Corticosterone excretion was significantly
(P < 0.001) less in pair-fed,
control rats than in diabetic rats (Fig.
3), indicating that glucocorticoid
production is increased by acute diabetes as it is in patients (25,
26). To evaluate the role of glucocorticoids in the proteolytic
response to acute diabetes, we studied ADX rats. Results from
ADX-control rats were compared with rates measured in muscle of ADX
rats given STZ with (ADX-STZ-GC) or without (ADX-STZ) dexamethasone at
a dose that approximates physiological glucocorticoid levels (16, 17).

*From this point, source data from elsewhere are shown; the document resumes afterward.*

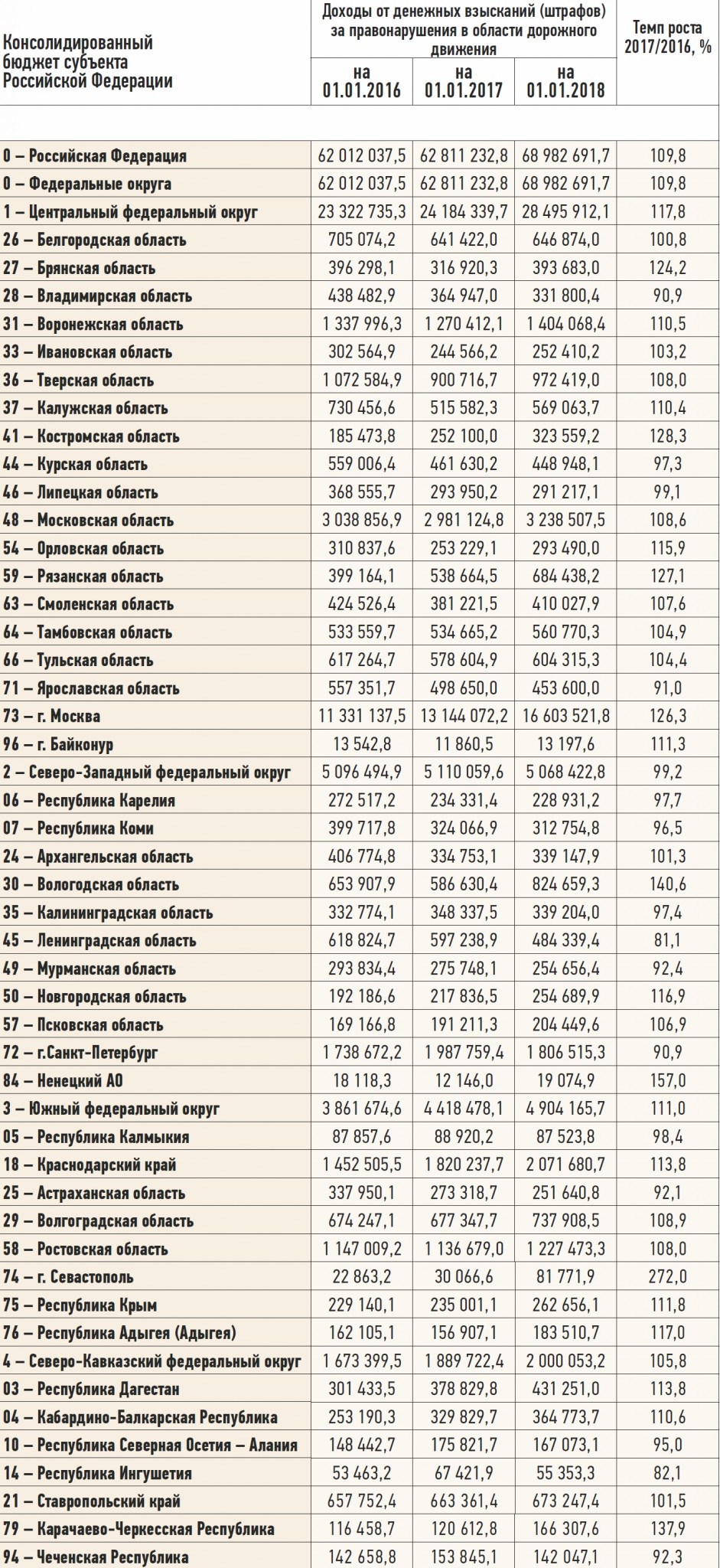 Информация о поступлении доходов от уплаты штрафов (денежные взыскания (штрафы) за правонарушения в области дорожного движения)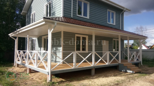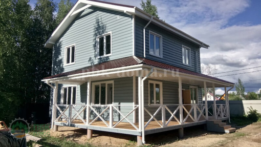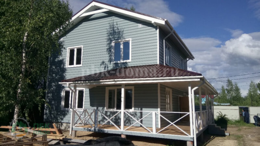 В стоимость дома вошло: двойная обвязка (обработана антисептиком), каркас из доски 50х200 мм (обработан антисептиком), стропильная система и межэтажные перекрытия обработаны антисептиком, утепление 200 мм, наружная отделка имитация бруса покрашена, кровля металлочерепица, окна ПВХ, входная дверь, внутренней отделки нет, внутренних дверей нет, водосточная система, доставка, сборка.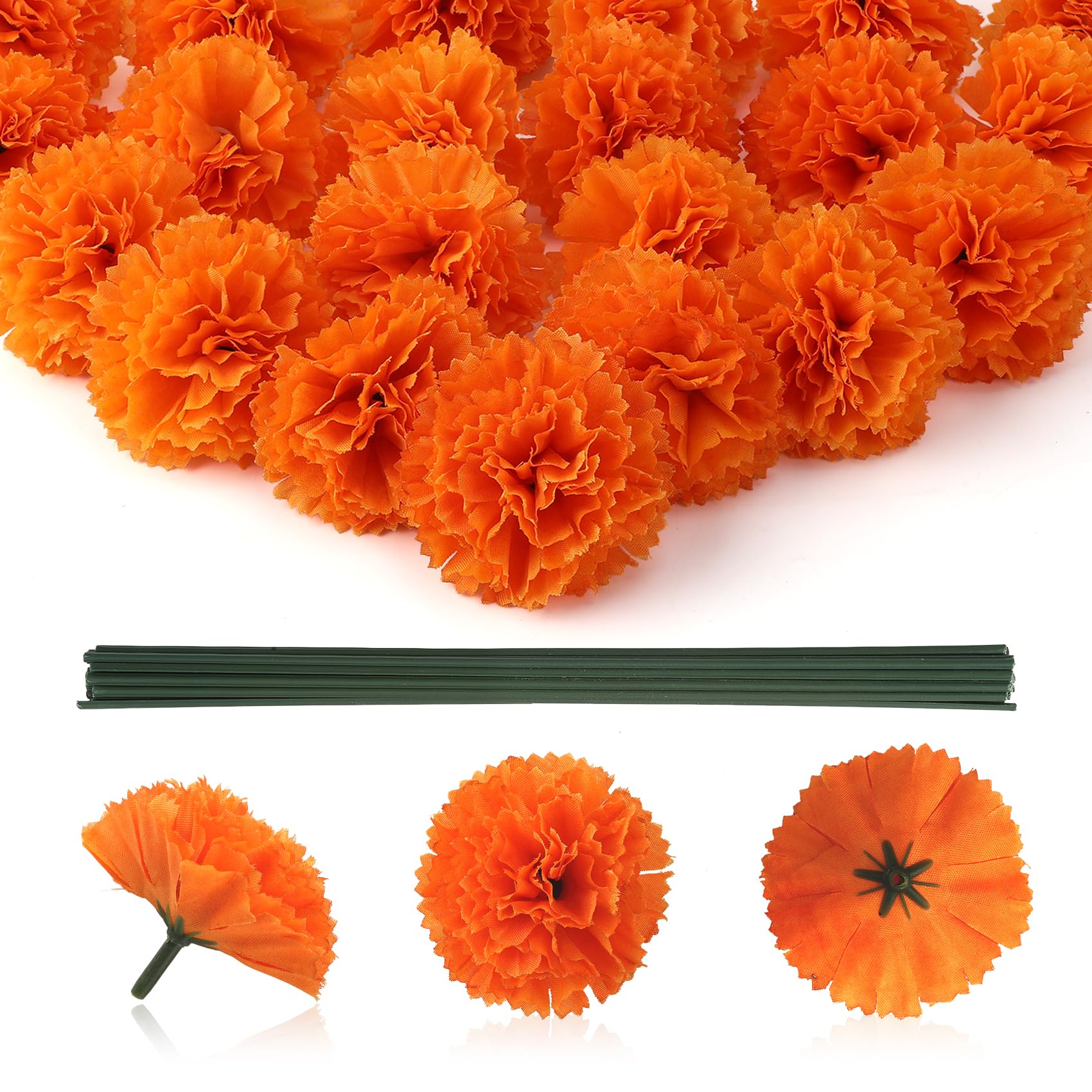 Marigold Flowers, 30Pcs Marigolds Artificial Flowers, Silk Marigold Flower Heads Bulk with Stems, Orange Flower for Day of The Dea

After an overnight fast, blood glucose levels in ADX-control, ADX-STZ,
and ADX-STZ-GC rats were 51 ± 11, 160 ± 45, and 236 ± 26 mg/dl, respectively. Protein degradation was higher in muscles of
ADX-STZ-GC rats replaced with glucocorticoids than in muscles of
ADX-control or ADX-STZ rats that were not treated with glucocorticoids
(Fig. 4). When lysosomal and
calcium-dependent proteolysis inhibitors were present in the incubation
media, proteolysis remained higher in muscles of ADX-STZ-GC rats than
in ADX-STZ or ADX-control rats (Fig. 4).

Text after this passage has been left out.